Friday, February 20, 2009

Aristotle on Virtue

A virtuous action is not merely any action which, somehow or other, will lead to happiness. We do not display virtue when we do something that happens to be good, but we must act with a deliberate desire to perform our cuntion as human beings properly, that is, to perform it voluntarily and in full awareness of the fact that there are possible alternatives, which, however, we reject in deciding to act the way we will.

The Greek word Aristototle uses for this process is proairesis, which literally means "forechoice", "A choosing (one thing) before, ie, rather than (another)," and without it no action can have moral value. Aristotle's final definition of the concept at the end of his discussion in III. 2-3 is "a deliberate desire for things that are within our power: we arrive at a decision on the basis of deliberation, and then let the deliberation guide our desire." It is, in other words, a thoughtful organization of our desires -- not of all desires, but only of those which we are capable of fulfilling through our own efforts -- without which no action can be termed "virtuous."

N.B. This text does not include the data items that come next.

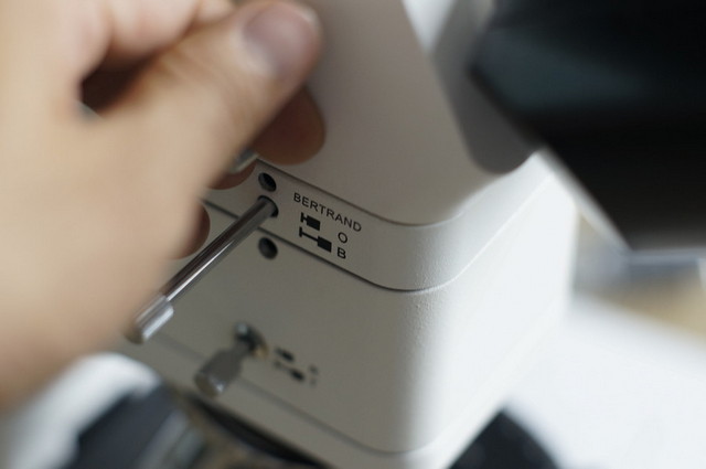 ④勃氏鏡(Bertrand Lens):勃特蘭透鏡在錐光觀察時(shí)使用,用于形成干涉圖,干涉圖的形態(tài)因晶體的光性和切片方向而不同,可借以鑒別晶體的軸性、切片類型、光性符號(hào)等屬性。必須搭配無(wú)應(yīng)力物鏡使用。
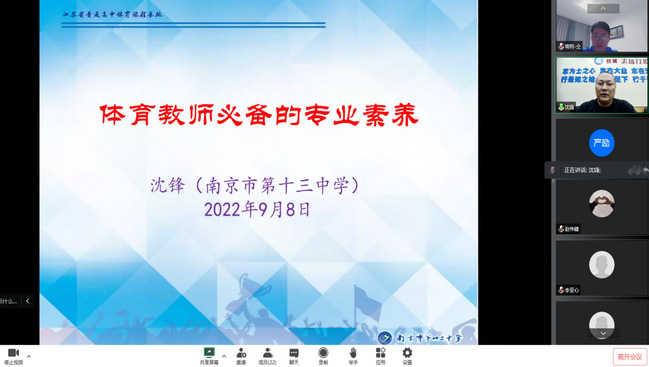 随后,由南京市第十三中学高级教师沈锋老师围绕体育教师必备的专业素养为全体实习生开展一次专题讲座。沈锋老师首先分析了我国体育教师专业化发展的现状以及专业素养的四大要素,并结合自身多年的中学体育教学经验,从体育教学技能的提升、教学计划的制定等方面为同学们提供了许多宝贵建议。在互动环节,针对同学们关心的问题和面临的困惑,沈老师也给予了细心、全面的解答。本次专题讲座内涵深刻、内容丰富,同学们受益匪浅,通过本次讲座增强了同学们的职业认同感,对如何成为一名合格体育教师有了全新的认识。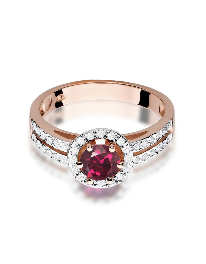Luksusowy złoty pierścionek z okrągłym rodolitem i 40 brylantami które pięknie go rozświetlają.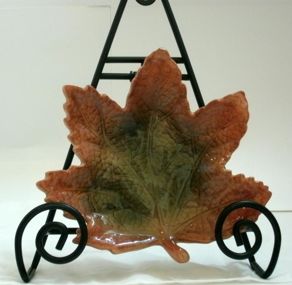 STONEWARE GREEN LEAF DISH BY RUSS, AUTUMN SETTINGS COLLECTION, NIB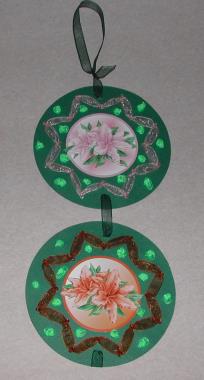 Pakket bestaat uit: 1 vel karton, 1 knipvel, prikmal, werkbeschrijving, foamtape, lint, garen, kraaltjes en naald.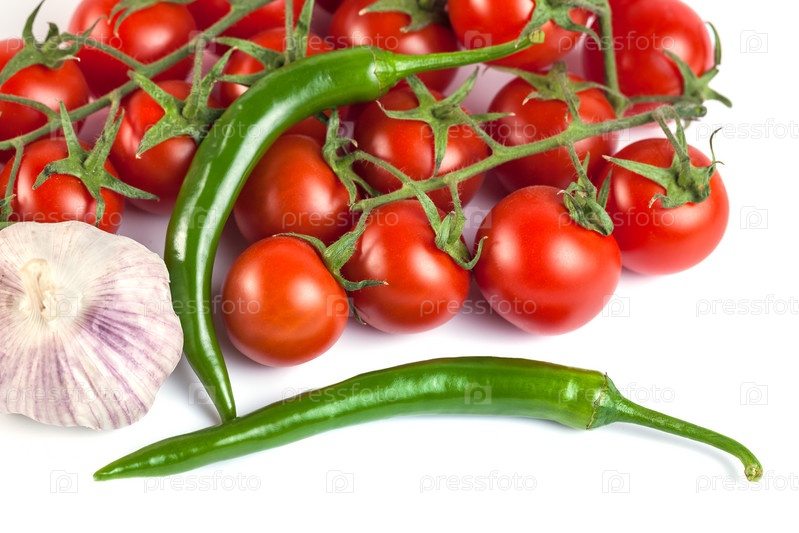 Помидоры, зеленый перец и другие овощи на белом фоне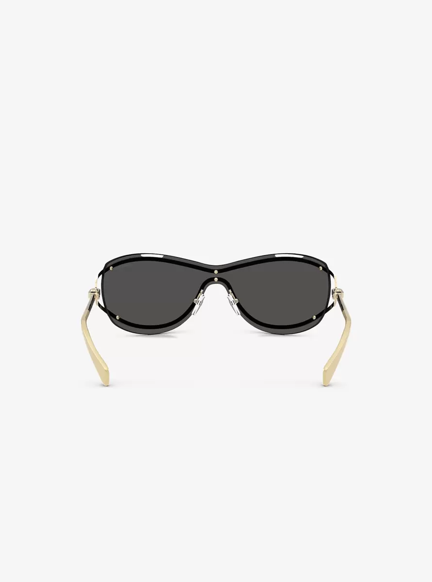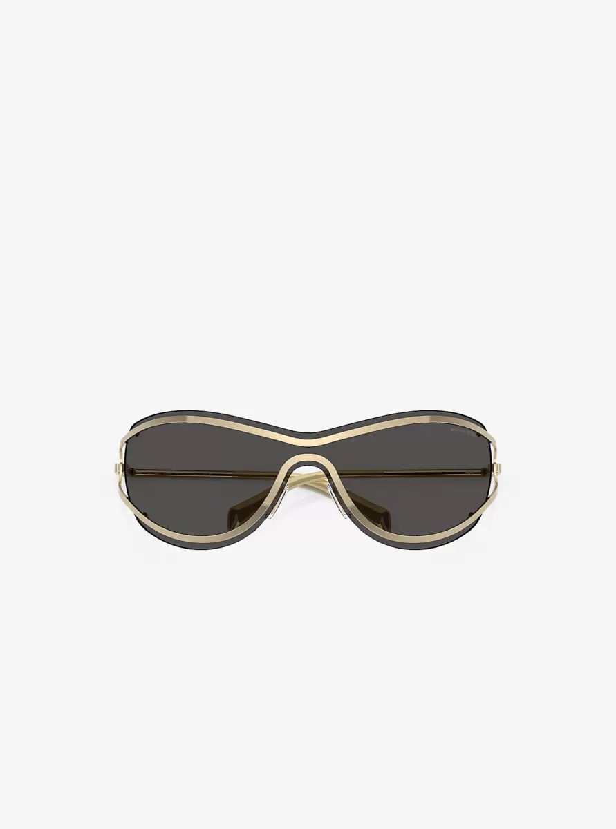 Sportlich und glamourös zugleich: Unsere La Praia Sonnenbrille besticht durch ihre schildförmigen Gläser und den metallischen Rahmen. Die schmalen Bügel sind mit unserem Logo verziert und verleihen der Brille so ein unverwechselbares Finish.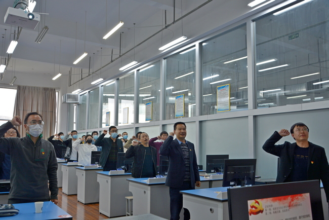 在党的二十大开幕会开始前,全体师生按照主题党日要求,通报到会情况,交纳党费,由教工党支部书记欧修龙同志带领全体党员重温入党誓词。随后全体党员认真聆听、收看习近平总书记代表十九届中央委员会向大会作的报告。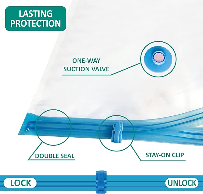 - Reliable protection: With the triple-seal turbo valve & double-zip seal design, our vacuum bags get the air out in the suction process. Can be used repeatedly.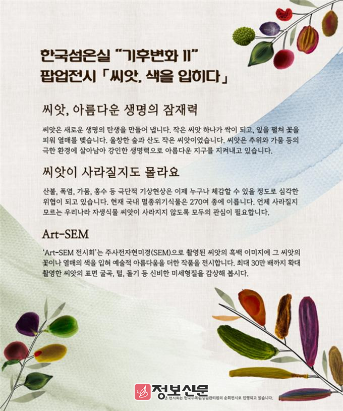 ![]() 국립호남권생물자원관, 자생생물 팝업 전시 “씨앗, 색을 입히다” 진행 |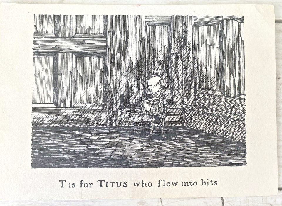 Vintage T is for Titus who Flew into Bits Alphabet Letter Edward Gorey Postcard

But in order to have virtue it is not sufficient to exercise this proairesis or "choice" of acting well only on a number of isolated occasions. Virtue is, for Aristotle, a hexis (literally, "a having," "a holding," "a being in a certain condition"), something so deeply ingrained in a person by constant habit that he will almost automatically make the morally right choices on every occasion, rejecting at the same time and equally automatically all the alternatives as wrong. Virtue will thus be a firmly established characteristic of the person, and the aggregate of all his characteristics will constitute his character. -- from the Introduction to Nichomachean Ethics by Martin Ostwald

2 comments:

Sara said...

I found this so pertinent to my life right now. I'd like to ask for your prayers as I am really in pain for myself and other RC/LC priests, lay persons and consecrated women I know in GA. At the same time, I have a habit of handling pain with prayer...Did St.Paul make sense to many Greeks because prayer and sound judgement, which is the fruit of glorifying truth with our reason, are so intertwined? ....just love reading what you are reading/thinking about, in Christ, SS

Willa said...

Thanks, Sara! Definitely I will pray. That is an interesting thought about St. Paul.